Performance benchmarks

SmolVM is optimized for low-latency agent workflows: fresh sandboxes can be ready quickly on Linux, and follow-up commands return in milliseconds.

Latest QEMU published Ubuntu medians

These warm-cache medians come from the SmolVM benchmark timeline for the published Ubuntu image on June 23, 2026. “Total ready” measures the time until the sandbox control channel is ready. “First command” measures the first command after readiness. “Warm exec” measures repeated command latency.

Backend	Transport	Total ready	First command	Warm exec	Context
QEMU	SSH	1152.2 ms	12.0 ms	42.7 ms	Published Ubuntu, local warm-cache run
QEMU	vsock	413.1 ms	1.2 ms	1.0 ms	64.1% faster ready than QEMU SSH in this run

The table above reports the current QEMU microvm benchmark lane. Keep backend-to-backend comparisons separate so each runtime is measured in its representative setup.

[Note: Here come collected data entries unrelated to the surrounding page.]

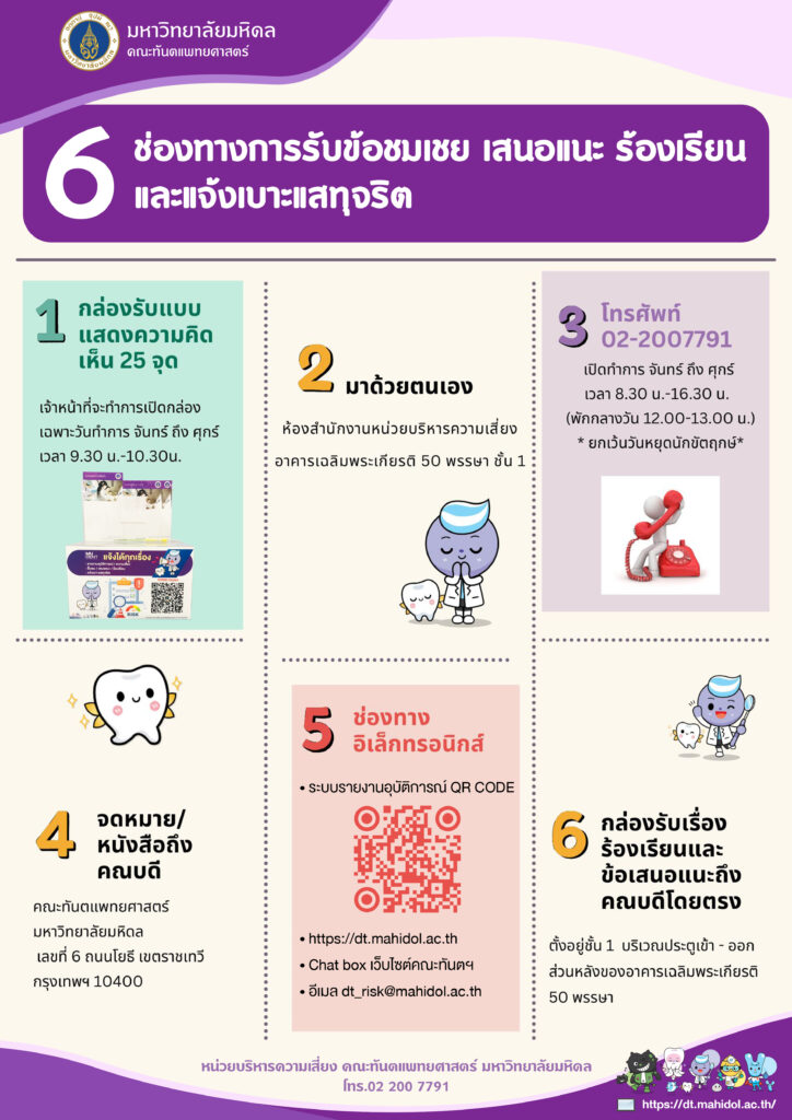 หน่วยบริหารความเสี่ยง คณะทันตแพทยศาสตร์ มหาวิทยาลัยมหิดล โทร. 02 200 7791
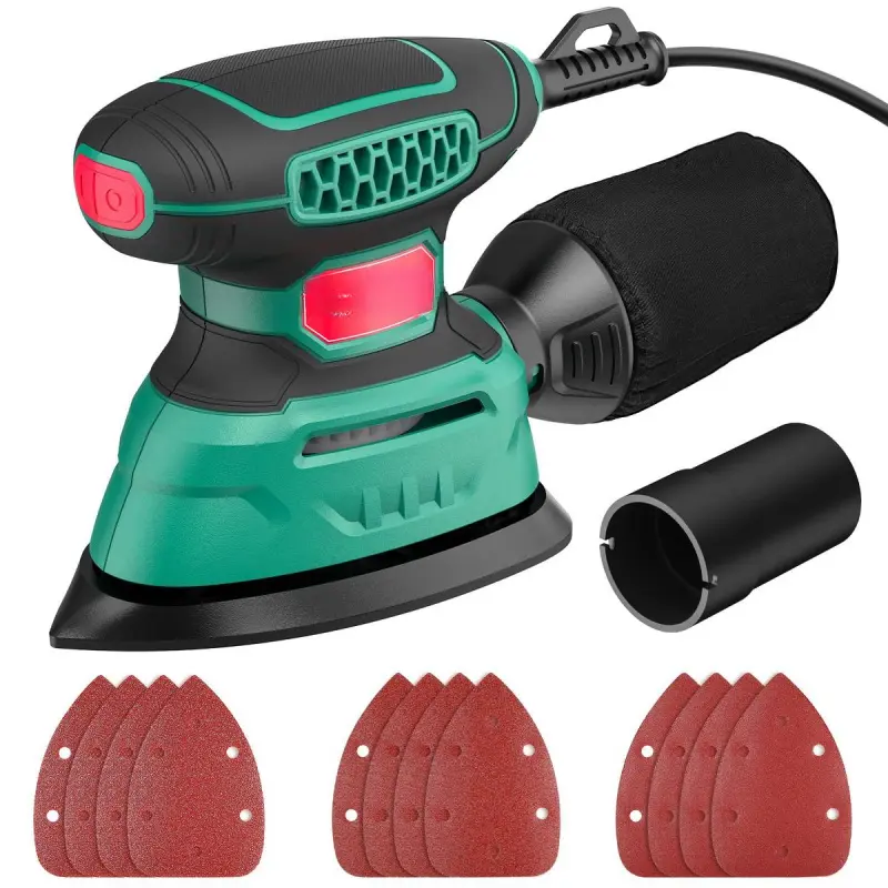 140W Detail Sander, 13000OPM, 1.2A Palm Sander Tool with 12 Sandpapers, with Efficient Dust Collection System, Compact Hand Sander for Woodworking Portable Orbital Polisher Random Orbital Polisher Hardware Rubber
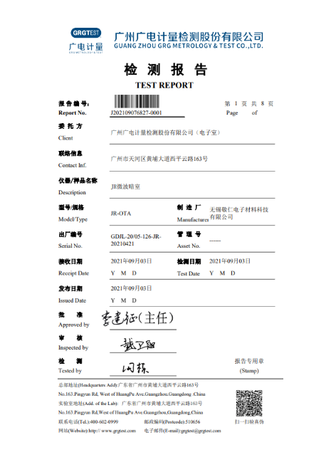 依據(jù)場(chǎng)強(qiáng)探頭校準(zhǔn)規(guī)范IEEE Std 1309-2013中規(guī)定的在微波暗室中的校準(zhǔn)方法所設(shè)計(jì)的全電波暗室,且本實(shí)驗(yàn)室滿足JJF 1886-2020場(chǎng)強(qiáng)探頭校準(zhǔn)規(guī)范的場(chǎng)地要求,1GHz-40GHz全頻段內(nèi)場(chǎng)地電壓駐波比小于1db.暗示屏蔽效能滿足GBT 12190要求。
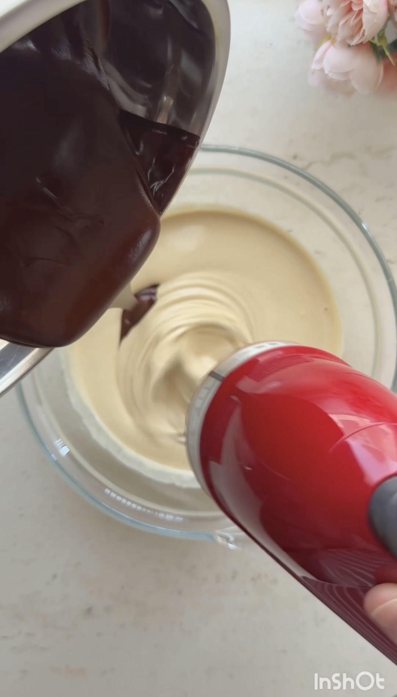 Por último, incorporaremos lentamente la mezcla de chocolate derretido con la mantequilla y batiremos hasta que esté bien integrada.
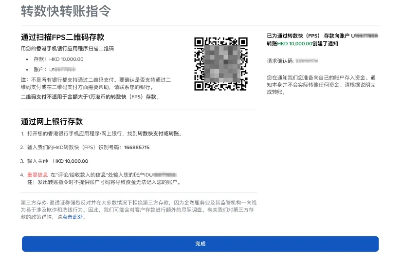 使用香港银行卡转账成功后,点击"完成",等待盈透的进一步消息。
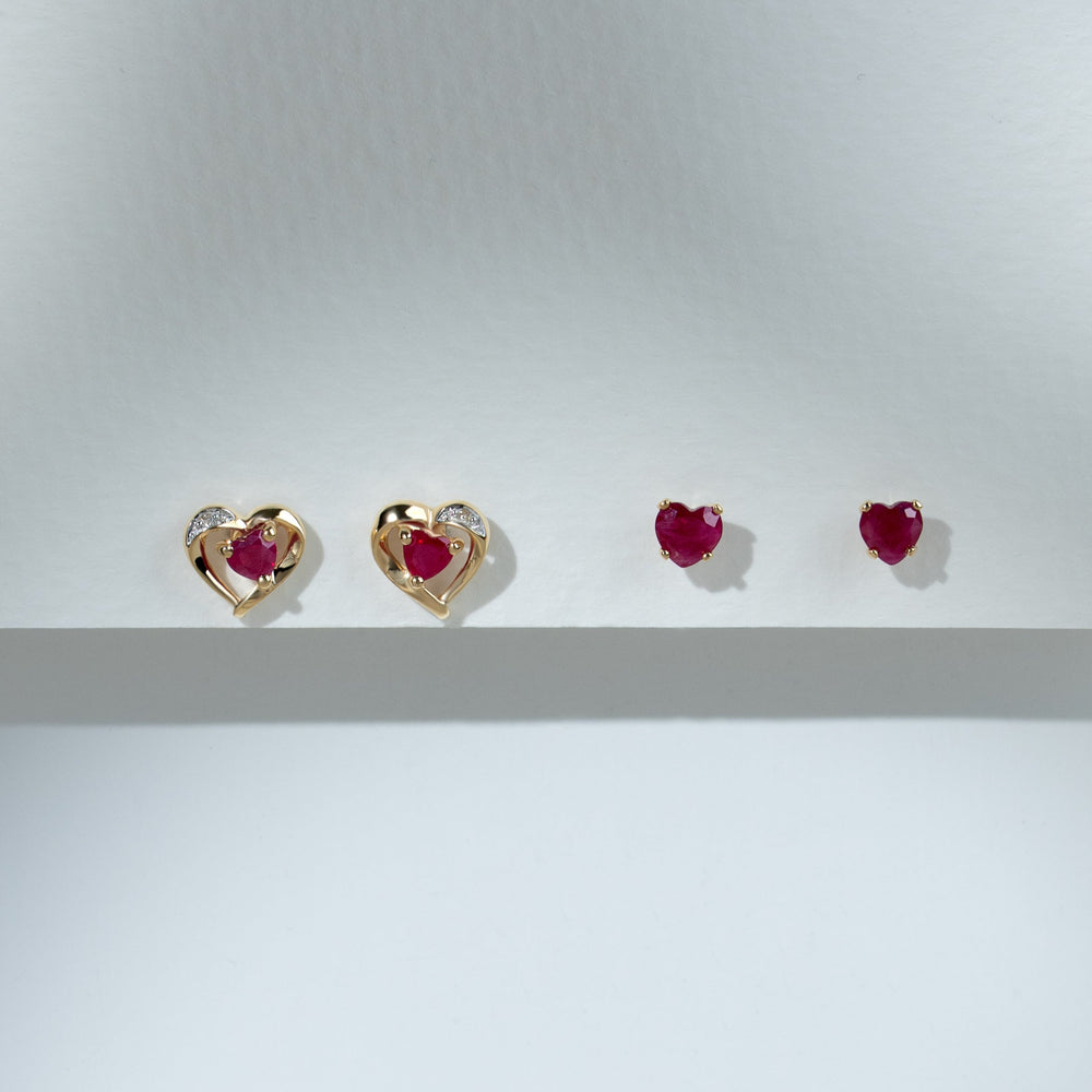 Pendientes de tuerca con diseño de corazón clásico elaborados en oro amarillo de 9 quilates y engastados con una piedra preciosa de rubí tallada en corazón.
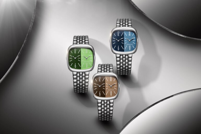 The indices, of course, are an instantly noticeable addition. They take on an art deco-inspired shape, with 12 and 6 o’clock in Arabic numerals on the left-hand dial, and in Roman numerals on the right. It helps echo the subtle variations between each face on the dial, and gives the Shades models a distinctly vintage look, furthered by 37mm by the 36.5mm “square” stainless steel case and pebble-link bracelet.
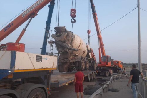 На въезде на третий мост в Волгодонске опрокинулся автомиксер

Running your own benchmarks

Run the same transport benchmark on your hardware:

uv run python scripts/benchmarks/ubuntu_transport.py \
  --variants qemu-ssh,qemu-vsock \
  --iterations 3 \
  --warm-exec-runs 5 \
  --rootfs-source published \
  --output /tmp/smolvm-ubuntu-transport.json \
  -v

Measure disk helper performance separately:

uv run python scripts/benchmarks/disk_io.py \
  --iterations 3 \
  --json \
  --output /tmp/smolvm-disk-io.json

Performance characteristics

Boot performance

Sandbox creation: SmolVM allocates names, IPs, disk metadata, and network rules in tens of milliseconds.
Time to ready: QEMU + vsock reaches readiness in 413.1 ms on the latest published Ubuntu run; QEMU + SSH reaches readiness in 1152.2 ms.
QEMU microvm default: On Linux x86_64 direct-kernel guests, QEMU uses the smaller microvm machine by default.
Hardware virtualization: SmolVM uses KVM on Linux and Hypervisor.framework on macOS for near-native performance.
Safe boot trims: The default MICROVM_DIRECT profile appends tsc=reliable no_timer_check quiet to the kernel command line. Set SMOLVM_VERBOSE_BOOT=1 to drop quiet when debugging a stuck boot.

Runtime performance

Command execution: Warm-command latency is about 1.0 ms on vsock and about 43 ms on SSH.
File transfer: New guest-agent builds use the newer streaming file-transfer protocol. Only compare transfer numbers after the published image advertises those capabilities.
Memory overhead: Minimal host overhead beyond configured VM memory (default 512MB).
CPU efficiency: Hardware virtualization provides near-native CPU performance.

Native helper performance

The smolvm-core wheel gives SmolVM Rust-backed helpers for the host operations that happen around each sandbox:

Networking: TAP setup, route changes, and sysctls can use direct Linux calls when SmolVM has the right permissions.
Disk I/O: zstd decompression uses a native path, while sparse copy keeps the host’s cp fast path when it is already best.
QEMU control: Pause, resume, and snapshot control use a native QMP client.
Firecracker control: Firecracker API socket requests use the native transport.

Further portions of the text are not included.